A feature common to all imaging techniques is the need to produce contrast, and in fact the success of some of the most modern techniques relies on ingenious ways in which structures can be induced to reveal themselves. Of course, an important characteristic of any imaging modality is the achievable spatial resolution, and here a diverse range of methodologies exist that cover resolutions from the nano to the macro length scales. To visualize cellular molecular components and substructures requires in particular imaging techniques capable of reaching nanoscale spatial resolutions. Such nanoimaging techniques are therefore the focus of this volume.
Chapters in the current volume are divided into four parts and include specialized techniques in the areas of light, electron, and scanning probe microscopy (Parts 1, 2 and 3, respectively), as well as methodologies employing combinatorial and complementary imaging approaches (Part 4). Nanoimaging of biological samples involves precise logistical considerations that are more acute than for conventional imaging, such as illumination timing and intensity, signal information sampling, specimen preparation and labeling, to list a few. Given the added complexity of imaging biological specimens on the nanometer scale, we hope that the chapters comprising this volume provide valuable information from successful application of a broad range of important imaging methods for the nanoscale visualization of biological structures.

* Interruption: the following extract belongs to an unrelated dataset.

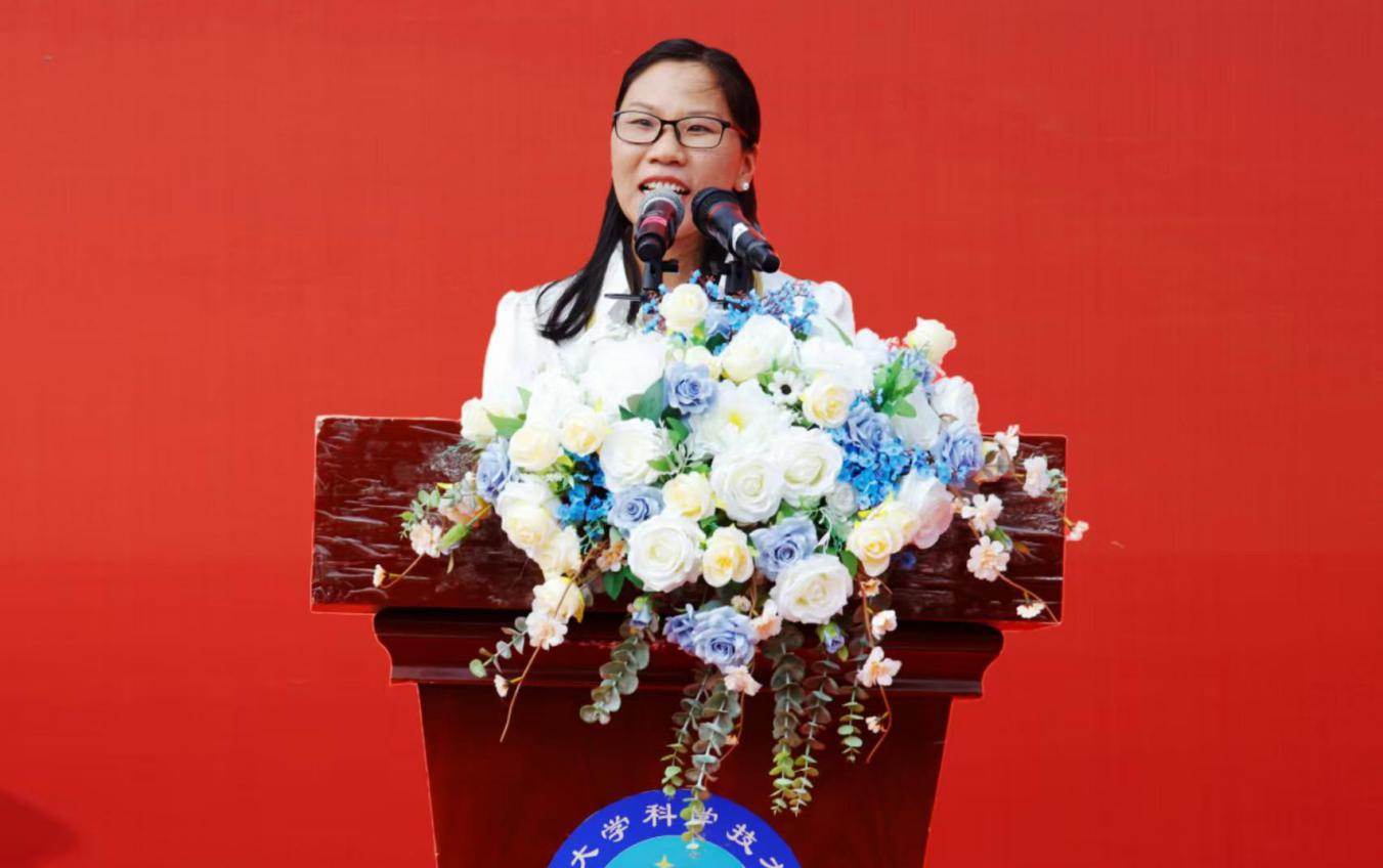 基础学科部李玉华作为教师代表登台发言,她以“为学当有 实,逐梦需笃行”为主题,结合自身教学经历向新生传授治学与 做人的道理,鼓励同学们秉持“读书养正气,问学不忘国忧”,用知识塑造品格,以担当回应时代。

2 Part 1: Light Microscopy
Light microscopy is invaluable to biologists, but its application to resolving molecular details is limited by the physical properties of light, principally the diffraction of light upon passing through a fixed aperture. Diffraction of light results in the blurring of a point object in the image and is dependent on the wavelength of light and the numerical aperture of the collecting lens. The expanded observed intensity profile of the point is known as the point spread function, with the actual object located at the center of the intensity profile. The dimensions of the point spread function are larger than the physical size of the individual molecular components within the specimen. To truly image specimen molecular details, the diffraction barrier needs to be surpassed. A collection of super-resolution optical imaging methods have been able to attain resolutions beyond the diffraction limit by employing sophisticated, and elegant, illumination parameters, optical configurations, or fluorophores with unique biophysical properties. A number of methods exploit nonlinearity in the reflected light from the specimen and often employ a timing mechanism to achieve the improved resolution.